#### Exercise goal:
Copy exactly every line below, from the first through the one that contains "Соответственно в днище", and skip all pictures.

#### Entries provided:
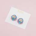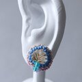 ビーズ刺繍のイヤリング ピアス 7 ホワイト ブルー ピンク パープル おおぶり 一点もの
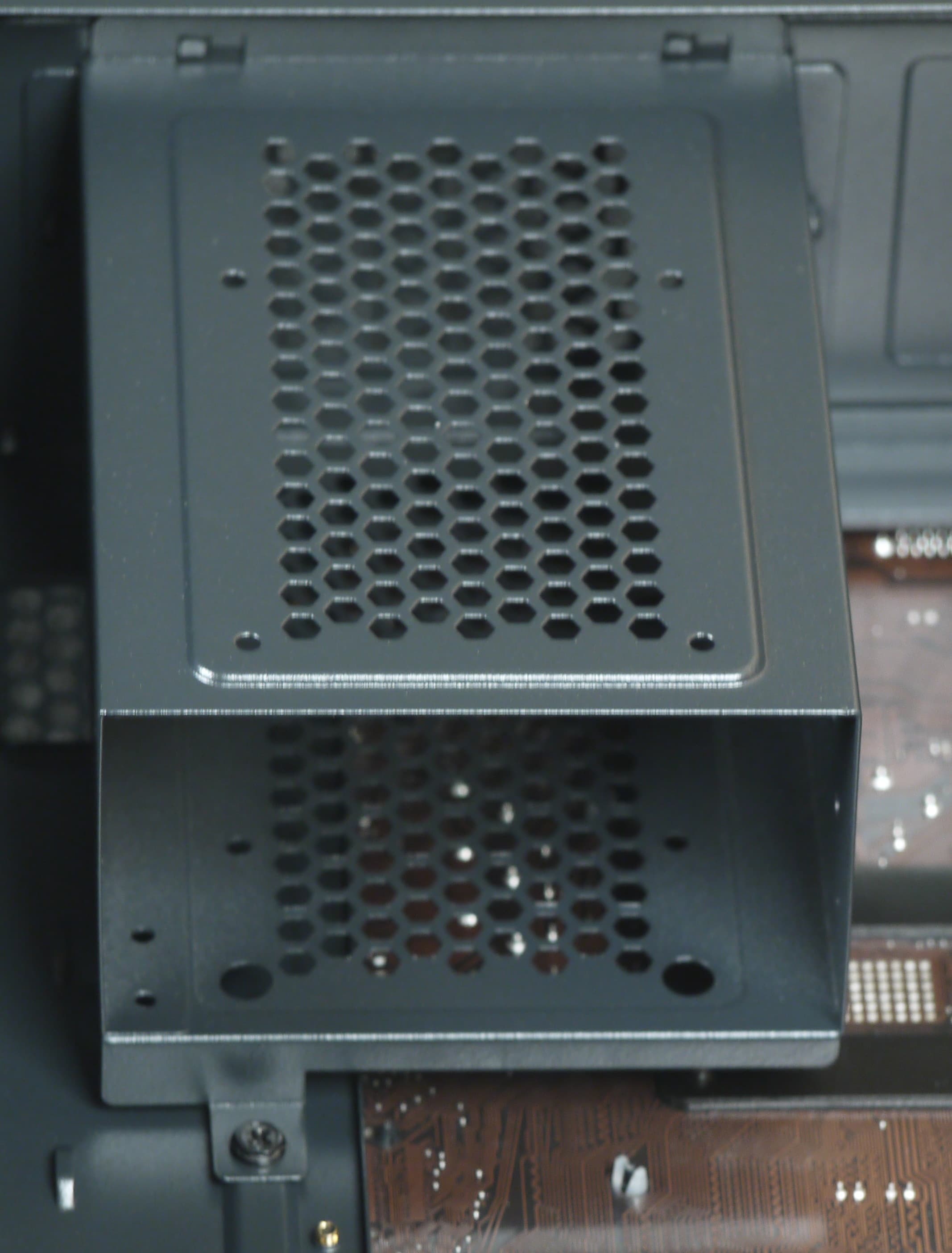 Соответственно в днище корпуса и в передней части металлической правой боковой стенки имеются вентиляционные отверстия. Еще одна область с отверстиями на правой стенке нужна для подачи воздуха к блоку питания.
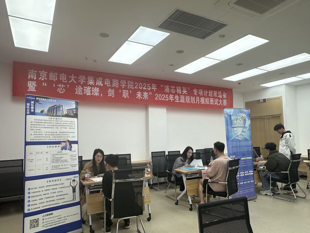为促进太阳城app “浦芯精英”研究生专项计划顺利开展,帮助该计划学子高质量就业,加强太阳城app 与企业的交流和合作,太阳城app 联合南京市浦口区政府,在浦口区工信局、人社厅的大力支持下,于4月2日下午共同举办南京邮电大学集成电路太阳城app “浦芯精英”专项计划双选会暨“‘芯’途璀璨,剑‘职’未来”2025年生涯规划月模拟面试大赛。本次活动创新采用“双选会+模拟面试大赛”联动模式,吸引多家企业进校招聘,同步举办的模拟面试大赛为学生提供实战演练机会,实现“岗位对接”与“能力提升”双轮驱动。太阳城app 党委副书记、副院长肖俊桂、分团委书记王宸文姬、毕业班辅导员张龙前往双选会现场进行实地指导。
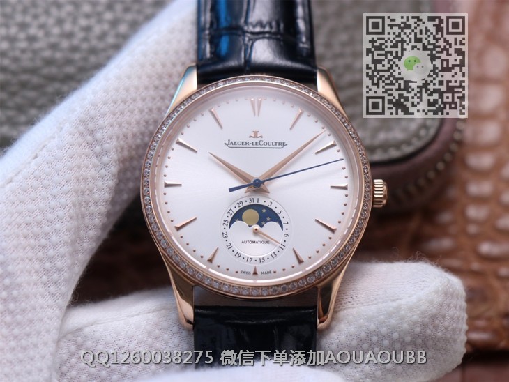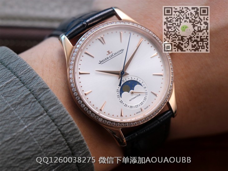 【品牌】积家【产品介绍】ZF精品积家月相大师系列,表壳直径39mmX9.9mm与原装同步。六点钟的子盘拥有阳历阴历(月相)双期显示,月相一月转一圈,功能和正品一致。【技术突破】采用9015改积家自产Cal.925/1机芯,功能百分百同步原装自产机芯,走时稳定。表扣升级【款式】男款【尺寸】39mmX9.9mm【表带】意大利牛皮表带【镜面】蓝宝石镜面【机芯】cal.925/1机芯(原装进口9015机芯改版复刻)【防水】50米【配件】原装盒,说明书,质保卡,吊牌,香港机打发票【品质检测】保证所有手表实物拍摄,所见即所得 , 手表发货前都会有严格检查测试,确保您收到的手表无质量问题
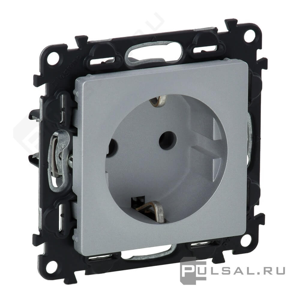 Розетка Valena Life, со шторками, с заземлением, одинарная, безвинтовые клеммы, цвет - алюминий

#### Answer space:
 ビーズ刺繍のイヤリング ピアス 7 ホワイト ブルー ピンク パープル おおぶり 一点もの
 Соответственно в днище корпуса и в передней части металлической правой боковой стенки имеются вентиляционные отверстия. Еще одна область с отверстиями на правой стенке нужна для подачи воздуха к блоку питания.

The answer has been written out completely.